I. "Nonqualified Stock Option" means any Option granted under the Plan
which is not considered an Incentive Stock Option.
J. "Option" means the right to purchase a stated number of Shares at a
specified price. The option may be granted to an Eligible Employee subject
to the terms of this Plan, and such other conditions and restrictions as
the Committee deems appropriate. Each Option shall be designated by the
Committee to be either an Incentive Stock Option or a Nonqualified Stock
Option.
K. "Option Price" means the purchase price per Share subject to an
Option and shall be fixed by the Committee, but shall not be less than 95%
of the Fair Market Value of a Share on the Date of Grant in the case of a
Nonqualified Stock Option or less than 100% of the Fair Market Value of a
Share on the Date of Grant in the case of an Incentive Stock Option.

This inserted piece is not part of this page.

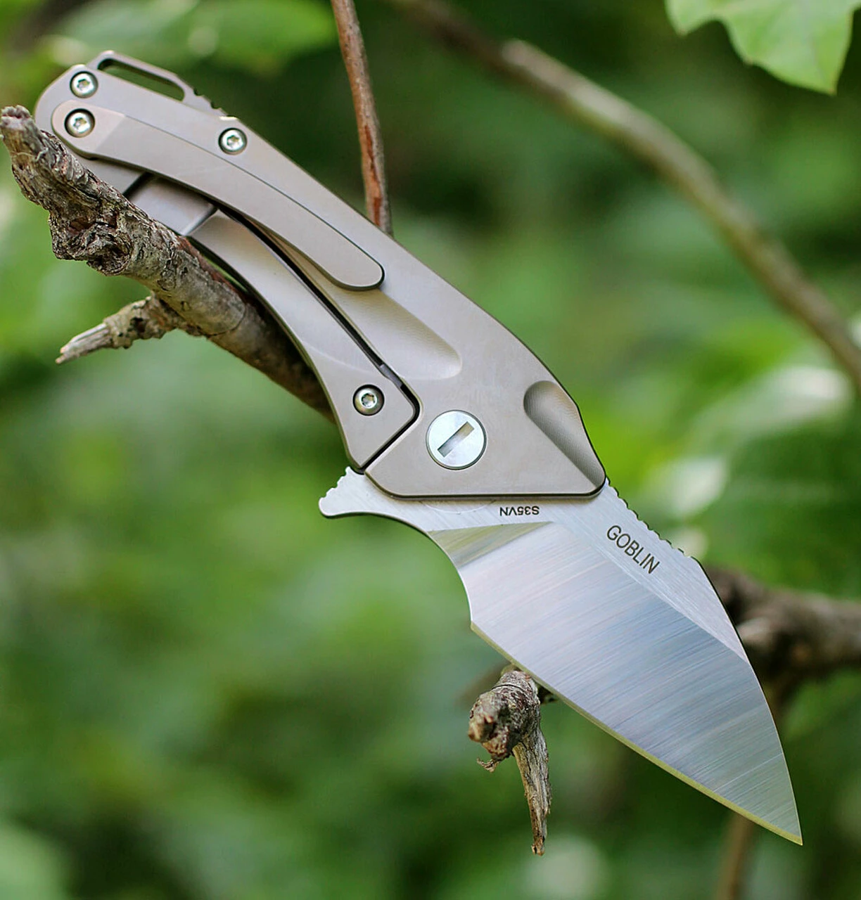 Bestech T1711A Goblin, 2″ CPM-S35VN Plain Blade, Titanium Handle w/Carbon Fiber Inlay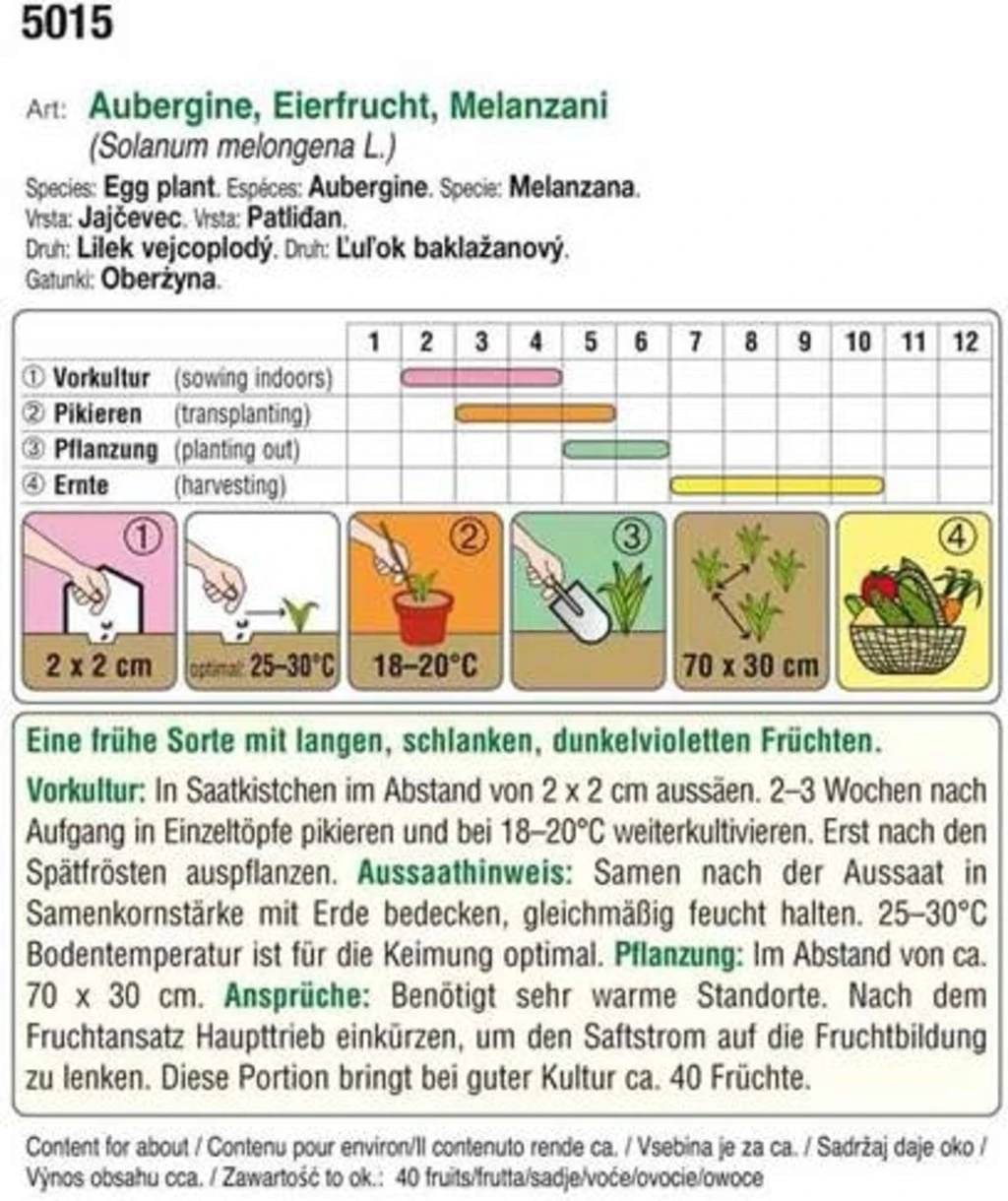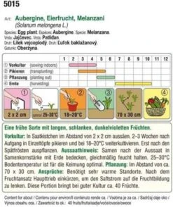 Eine frühe Sorte mit langen, schlanken, dunkelvioletten Früchten.

L. "Permanent and Total Disability" shall mean any medically
determinable physical or mental impairment rendering an individual unable
to engage in any substantial gainful activity, which disability can be
expected to result in death or which has lasted or can be expected to last
for a continuous period of not less than 12 months.
M. "Plan" means this 1997 Option Plan as it may be amended.
N. "Share" means one share of the Common Stock of Multi-Color
Corporation.
ARTICLE 3
ADMINISTRATION
3.1 The Plan shall be administered by a committee designated by the Board
of Directors of Multi-Color Corporation. The Committee shall be comprised of
three or more directors each of whom shall be (i) a "Non-Employee Director" as
defined in Rule 16b-3 of the Securities and Exchange Act of 1934 (the "Act") and
(ii) an "outside director" to the extent required by Section 162(m) of the Code
("Section 162(m)"), as such Rule and Section may be amended, superseded or
interpreted hereafter. Notwithstanding the foregoing, to the extent Ohio law
permits, the Committee may be comprised of two or more such directors.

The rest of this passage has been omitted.